═══ Dataset excerpts ═══

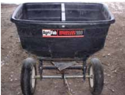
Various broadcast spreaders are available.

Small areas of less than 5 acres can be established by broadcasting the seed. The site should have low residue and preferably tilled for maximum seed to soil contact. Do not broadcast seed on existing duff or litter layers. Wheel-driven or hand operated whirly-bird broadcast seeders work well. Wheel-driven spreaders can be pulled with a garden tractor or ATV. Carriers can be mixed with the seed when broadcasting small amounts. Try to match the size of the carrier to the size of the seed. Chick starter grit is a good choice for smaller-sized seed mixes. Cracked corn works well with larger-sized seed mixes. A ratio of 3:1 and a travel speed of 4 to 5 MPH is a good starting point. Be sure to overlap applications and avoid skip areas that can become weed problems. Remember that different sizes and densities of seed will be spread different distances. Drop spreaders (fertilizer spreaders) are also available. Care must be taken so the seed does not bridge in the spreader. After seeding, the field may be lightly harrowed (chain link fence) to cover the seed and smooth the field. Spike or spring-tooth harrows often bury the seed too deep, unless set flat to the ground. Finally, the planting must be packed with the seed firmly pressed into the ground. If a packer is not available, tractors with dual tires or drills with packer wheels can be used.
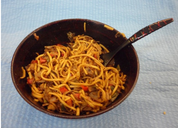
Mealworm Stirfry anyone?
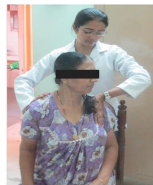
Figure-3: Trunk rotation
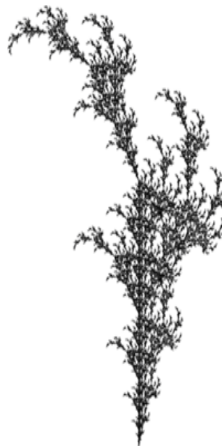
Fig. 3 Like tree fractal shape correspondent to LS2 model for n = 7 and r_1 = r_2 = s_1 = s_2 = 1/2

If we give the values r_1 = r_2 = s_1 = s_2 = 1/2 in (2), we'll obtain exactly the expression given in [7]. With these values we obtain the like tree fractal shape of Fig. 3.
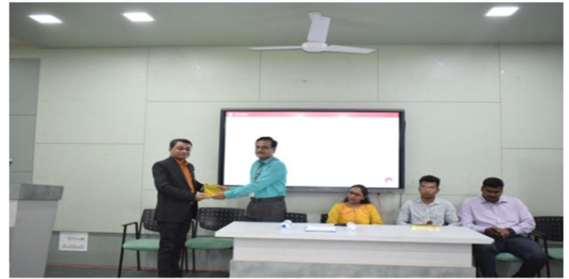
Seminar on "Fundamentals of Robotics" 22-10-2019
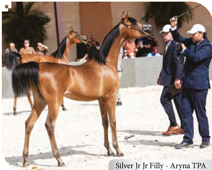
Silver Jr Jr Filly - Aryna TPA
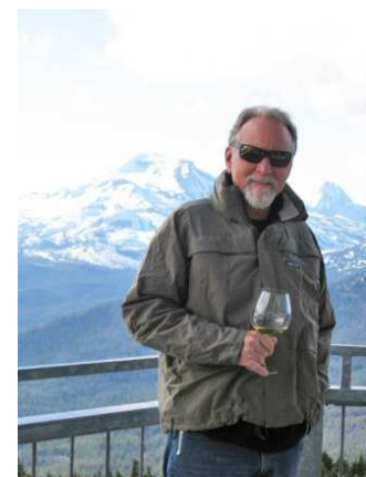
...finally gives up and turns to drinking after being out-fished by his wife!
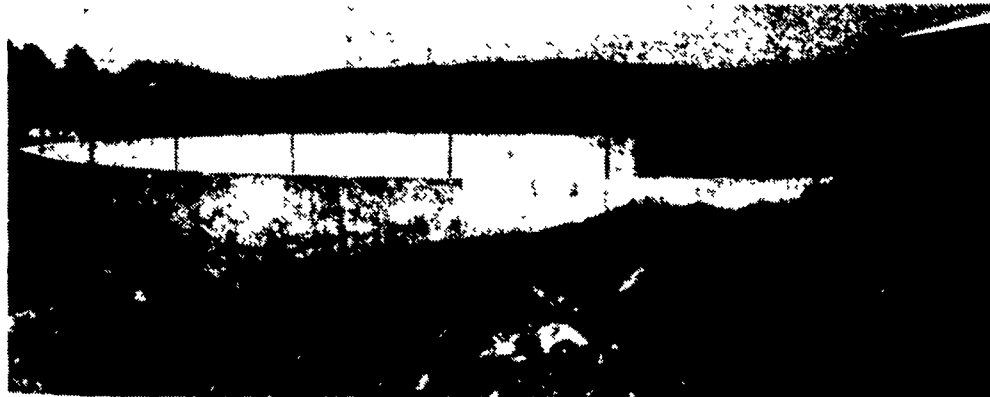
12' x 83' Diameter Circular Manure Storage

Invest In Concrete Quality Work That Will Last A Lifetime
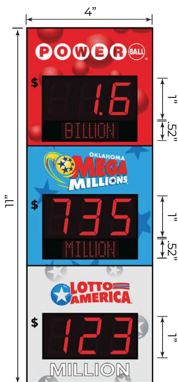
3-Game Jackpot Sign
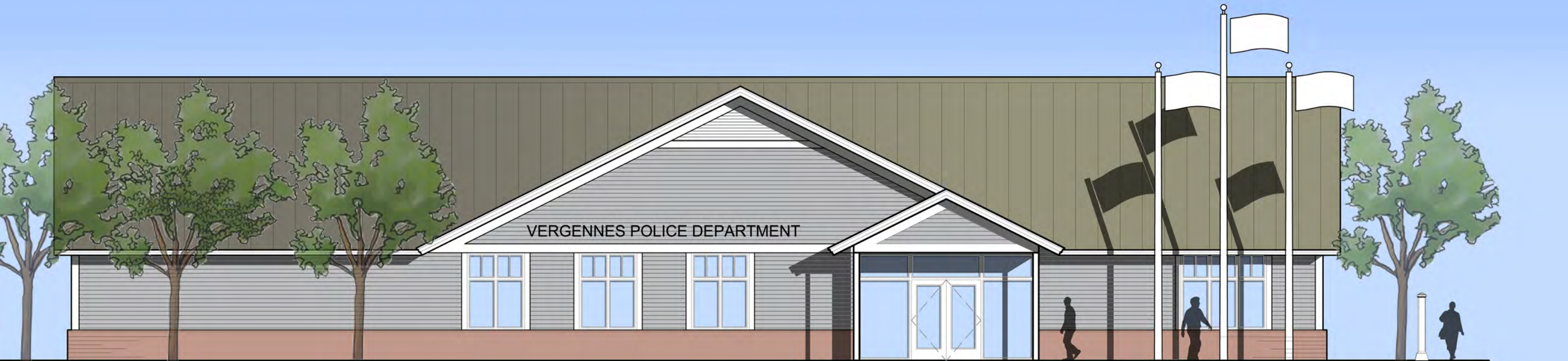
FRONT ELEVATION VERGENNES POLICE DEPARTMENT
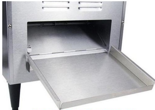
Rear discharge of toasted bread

═══

- _Your instructions_:
Where a line of the data above includes "broadcast", copy that line.

- _Task response_:
Various broadcast spreaders are available.
Small areas of less than 5 acres can be established by broadcasting the seed. The site should have low residue and preferably tilled for maximum seed to soil contact. Do not broadcast seed on existing duff or litter layers. Wheel-driven or hand operated whirly-bird broadcast seeders work well. Wheel-driven spreaders can be pulled with a garden tractor or ATV. Carriers can be mixed with the seed when broadcasting small amounts. Try to match the size of the carrier to the size of the seed. Chick starter grit is a good choice for smaller-sized seed mixes. Cracked corn works well with larger-sized seed mixes. A ratio of 3:1 and a travel speed of 4 to 5 MPH is a good starting point. Be sure to overlap applications and avoid skip areas that can become weed problems. Remember that different sizes and densities of seed will be spread different distances. Drop spreaders (fertilizer spreaders) are also available. Care must be taken so the seed does not bridge in the spreader. After seeding, the field may be lightly harrowed (chain link fence) to cover the seed and smooth the field. Spike or spring-tooth harrows often bury the seed too deep, unless set flat to the ground. Finally, the planting must be packed with the seed firmly pressed into the ground. If a packer is not available, tractors with dual tires or drills with packer wheels can be used.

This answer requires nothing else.